Frequency distribution of current thresholds for evoked shoulder/stump movements from sites in M1 forelimb cortex contralateral to the missing limb (filled circles) and shoulder movements contralateral to the intact limb (open circles) in monkeys 98-61 (A) and 98-64 (B). The deefferented cortex exhibits a wide range of current thresholds that was not observed in the opposite hemisphere.
Frequency distribution of current thresholds for orofacial and trunk evoked movements in deefferent M1 forelimb cortex (filled circles) and movements in face and trunk cortex in M1 of the same and opposite hemispheres (open circles) for squirrel monkey 98-61 (A) and 98-64 (B). Current thresholds for the orofacial and trunk cortex in the two hemispheres were not significantly different; thus, data from the two hemispheres were combined. Although the distribution of current thresholds for the deefferented cortex overlap those for orofacial and trunk cortex; many sites required much higher threshold levels.
When the distributions of current thresholds for shoulder/stump movements within deefferented cortex and normal shoulder movements in opposite hemispheres were compared, it was clear that the distributions overlapped, but higher levels of current were required only in the deefferented cortex (Fig. 7). In fact, the percentage of sites for shoulder/stump movements with normal thresholds (≤25 μA) in the deefferented hemisphere was not significantly different from the percentage of sites with normal thresholds for shoulder movements in the opposite hemisphere (case 98-61, χ2 = 0.01;p = 0.94; case 98-64, χ2 = 0.85;p = 0.36). It is likely that the sites eliciting shoulder/stump movement with normal threshold in the deefferented cortex correspond to sites that evoked shoulder movements before amputation (as is the case for opposite hemisphere or control cases). On the other hand, the high-threshold shoulder/stump movement sites likely reflect sites that formerly evoked movements from the missing limb.
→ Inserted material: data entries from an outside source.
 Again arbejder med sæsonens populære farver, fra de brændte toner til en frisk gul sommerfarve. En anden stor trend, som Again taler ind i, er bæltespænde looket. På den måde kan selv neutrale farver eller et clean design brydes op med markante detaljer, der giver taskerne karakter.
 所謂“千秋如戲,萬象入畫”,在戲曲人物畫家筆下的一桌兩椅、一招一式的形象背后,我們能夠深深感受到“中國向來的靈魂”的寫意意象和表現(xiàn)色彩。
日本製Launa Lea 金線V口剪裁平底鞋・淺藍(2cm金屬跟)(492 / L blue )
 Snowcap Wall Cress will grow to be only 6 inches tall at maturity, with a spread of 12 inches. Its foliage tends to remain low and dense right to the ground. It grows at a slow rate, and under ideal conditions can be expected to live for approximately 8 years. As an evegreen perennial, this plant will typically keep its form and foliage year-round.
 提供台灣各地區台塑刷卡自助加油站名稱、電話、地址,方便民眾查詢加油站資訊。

The loss of a hindlimb appears to result in changes in deefferented hindlimb cortex that are comparable with those induced in deefferented forelimb cortex by forelimb loss. In brief, throughout the deefferented hindlimb cortex, no unresponsive sites were found, and electrical stimulation resulted in movements of remaining body parts (Fig.9). Usually, these movements were of the stump or the tail but sometimes also of the lower trunk. Consequently, there was a significantly higher percentage of tail movement sites in the deefferented hindlimb cortex than that in the normal animals (χ2 = 11.0; p < 0.001). Also, as in the forelimb-amputated cases, current thresholds for evoking these movements ranged from the normal range to much higher, with a significantly higher average threshold level than in normal animals (t52 = 7.7; p < 0.001).
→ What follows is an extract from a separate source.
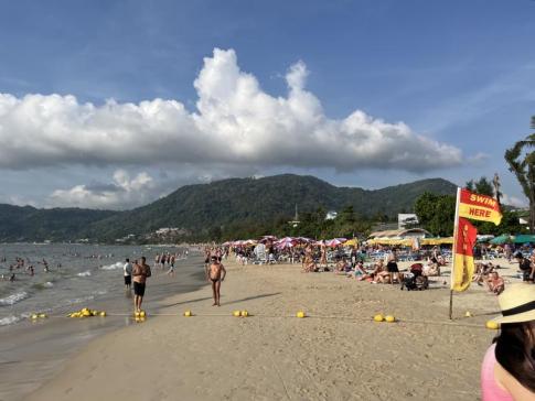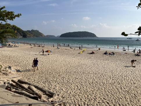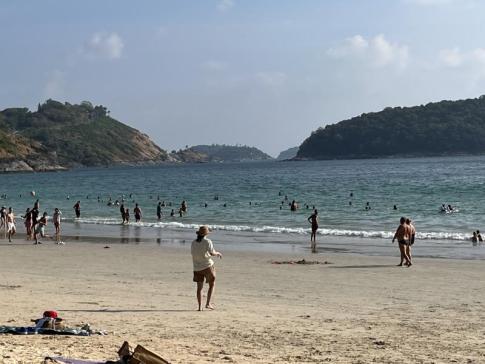 A szigeten vannak ennél szebbek, és főleg tisztábbak, természetesebbek. Azért a víz finom meleg és sokaknak ez, valamint a napsugár bőven elég az örömhöz. A homok finom, a vízben nincsenek kövek. Pozitívum, hogy vannak árnyékos részei. Negatívum, hogy sok a nyomulós mozgóárus és a zajos orosz. Mondjuk, az oroszok néha annyira röhejesen viselkednek, hogy az már szórakoztató. Baj az is, hogy a strand napozós része nincs megfelelően elválasztva a vizi sportos tevékenységektől. Dagálykor a part nagyon szűkké válik. Tömegturistás strand. van aki az ilyet kifejezetten szereti, van, aki egyáltalán nem. Viszont Patong strandjaihoz képest ez csodás, és sokan jönnek ide strandolni Patong hoteljeinek vendégei közül.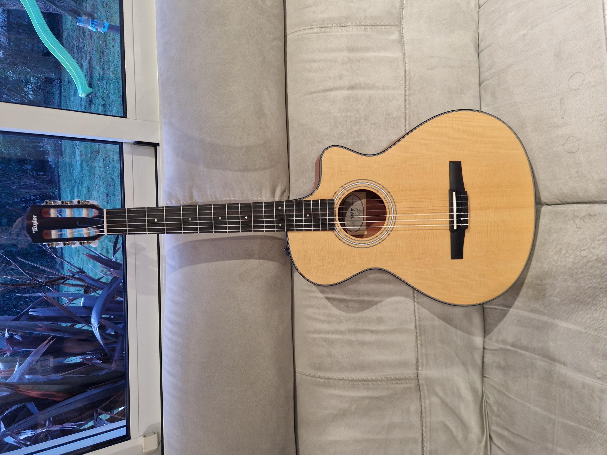 Bonjour,Je vends une Taylor 112ce-N. Etat neuf. Aucune rayure, aucun pet. Modèle électro-acoustique cordes Nylon au format Grand concert donc ultra facile à jouer. La table est massive en épicea torréfié et le dos et les éclisse sont en sapele. Vendue avec la housse Taylor.

Organization of motor cortex contralateral to a hindlimb amputated at the hip joint in squirrel monkey (case 97-127). Movements of the stump of the amputated limb, lower trunk, or tail were evoked throughout the hindlimb portion of M1 (gray shading). Current thresholds levels exceeding the maximum current threshold in the normal control animals areoutlined. Sites eliciting tail movements are highlighted by a white background. Stump movements were also evoked from PMD and medial cortex judged to be SMA. The line at the top left marks the medial wall of the cerebral hemisphere, whereas the central sulcus (CS) is on theright. Conventions are as in Figures 1 and 4. Top right inset, Frequency distribution of current threshold in the hindlimb amputee (filled circles) compared with controls (open circles). A wider range of current thresholds occurred in deefferented cortex.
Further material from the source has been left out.